**Problem description**
Please reproduce the listing verbatim, without its images.

**Dataset entries**
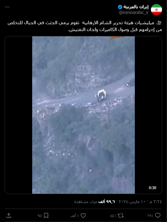 تداولت صفحات وحسابات على مواقع التواصل الاجتماعي، فيديو لعدة أشخاص في سيارة من نوع بيك اب في أحد الجبال، قالوا أنهم عناصر الحكومة يقومون برمي جثث السوريين في الوديان والجبال.
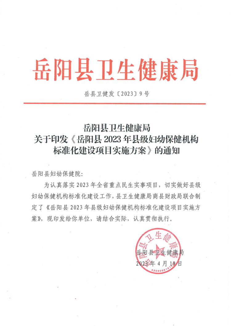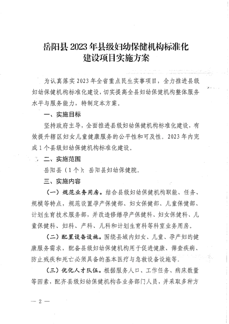 岳阳县2023年县级妇幼保健机构标准化建设项目实施方案
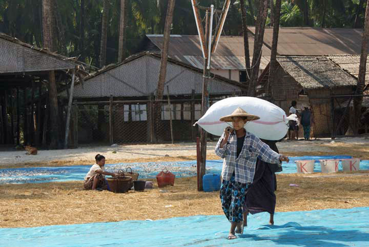 Ngapali Beach, sind die Fische trocken werden sie in Säcke verpackt.
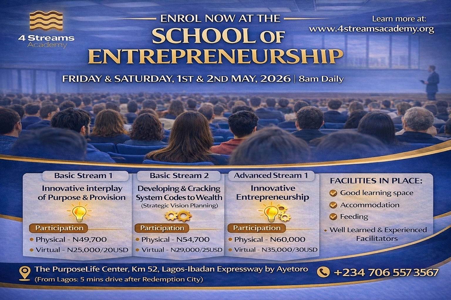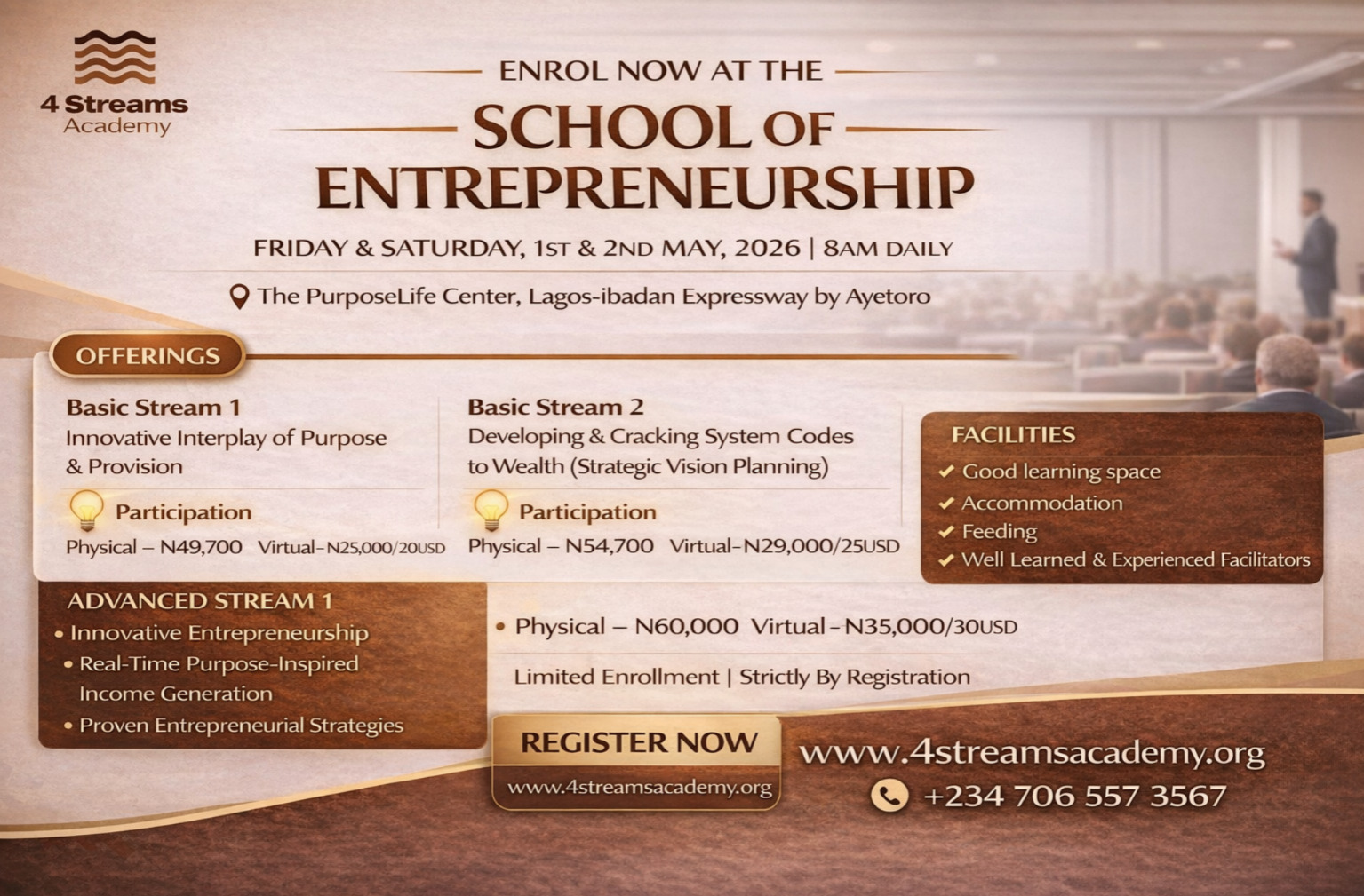 It is a more comprehensive knowledge-sharing and skill-acquisition platform than the previously held and widely successful 4 Streams of Income Seminars and Training
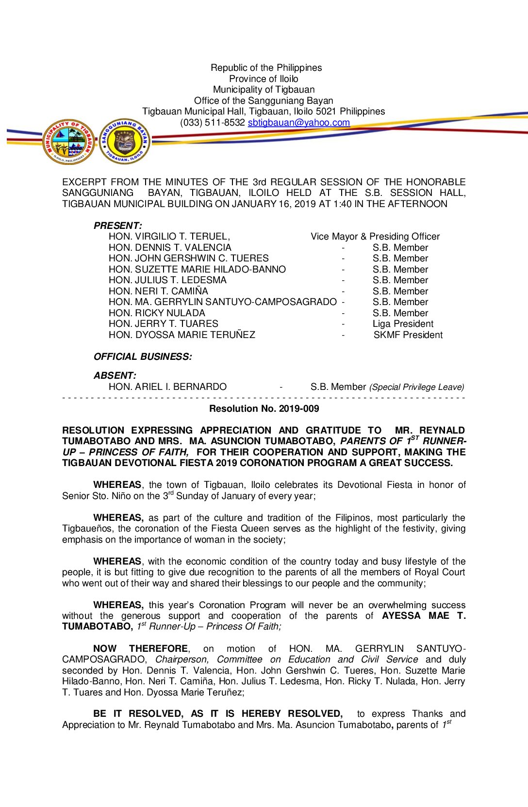 Resolution No. 2019-009 – RESOLUTION EXPRESSING APPRECIATION AND GRATITUDE TO MR. REYNALD TUMABOTABO AND MRS. MA. ASUNCION TUMABOTABO, PARENTS OF 1ST RUNNER- UP – PRINCESS OF FAITH, FOR THEIR COOPERATION AND SUPPORT, MAKING THE TIGBAUAN DEVOTIONAL FIESTA 2019 CORONATION PROGRAM A GREAT SUCCESS.
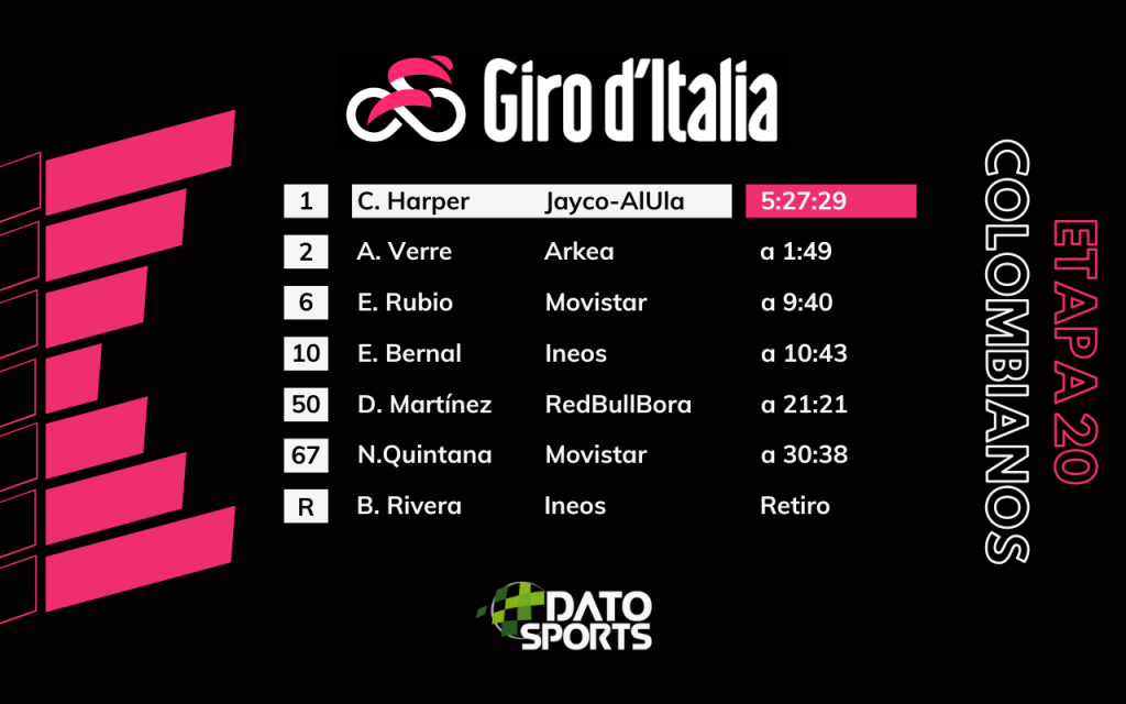 La etapa se la llevo con una galopada espectacular, el australiano Chris Haroper (Jayco-AlUla) de manera solitaria arribando ala meta con un minuto y 49 segundos sobre el italiano del Arkea Alessandro Verre.
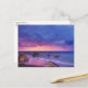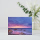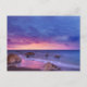 Eine Postkarte mit einem hübschen Foto in lila, blauen und rosa Farbtönen bei Sonnenuntergang. Eine hübsche Küste mit Felsen.

**Expected answer**
 تداولت صفحات وحسابات على مواقع التواصل الاجتماعي، فيديو لعدة أشخاص في سيارة من نوع بيك اب في أحد الجبال، قالوا أنهم عناصر الحكومة يقومون برمي جثث السوريين في الوديان والجبال.
 岳阳县2023年县级妇幼保健机构标准化建设项目实施方案
 Ngapali Beach, sind die Fische trocken werden sie in Säcke verpackt.
 It is a more comprehensive knowledge-sharing and skill-acquisition platform than the previously held and widely successful 4 Streams of Income Seminars and Training
 Resolution No. 2019-009 – RESOLUTION EXPRESSING APPRECIATION AND GRATITUDE TO MR. REYNALD TUMABOTABO AND MRS. MA. ASUNCION TUMABOTABO, PARENTS OF 1ST RUNNER- UP – PRINCESS OF FAITH, FOR THEIR COOPERATION AND SUPPORT, MAKING THE TIGBAUAN DEVOTIONAL FIESTA 2019 CORONATION PROGRAM A GREAT SUCCESS.
 La etapa se la llevo con una galopada espectacular, el australiano Chris Haroper (Jayco-AlUla) de manera solitaria arribando ala meta con un minuto y 49 segundos sobre el italiano del Arkea Alessandro Verre.
 Eine Postkarte mit einem hübschen Foto in lila, blauen und rosa Farbtönen bei Sonnenuntergang. Eine hübsche Küste mit Felsen.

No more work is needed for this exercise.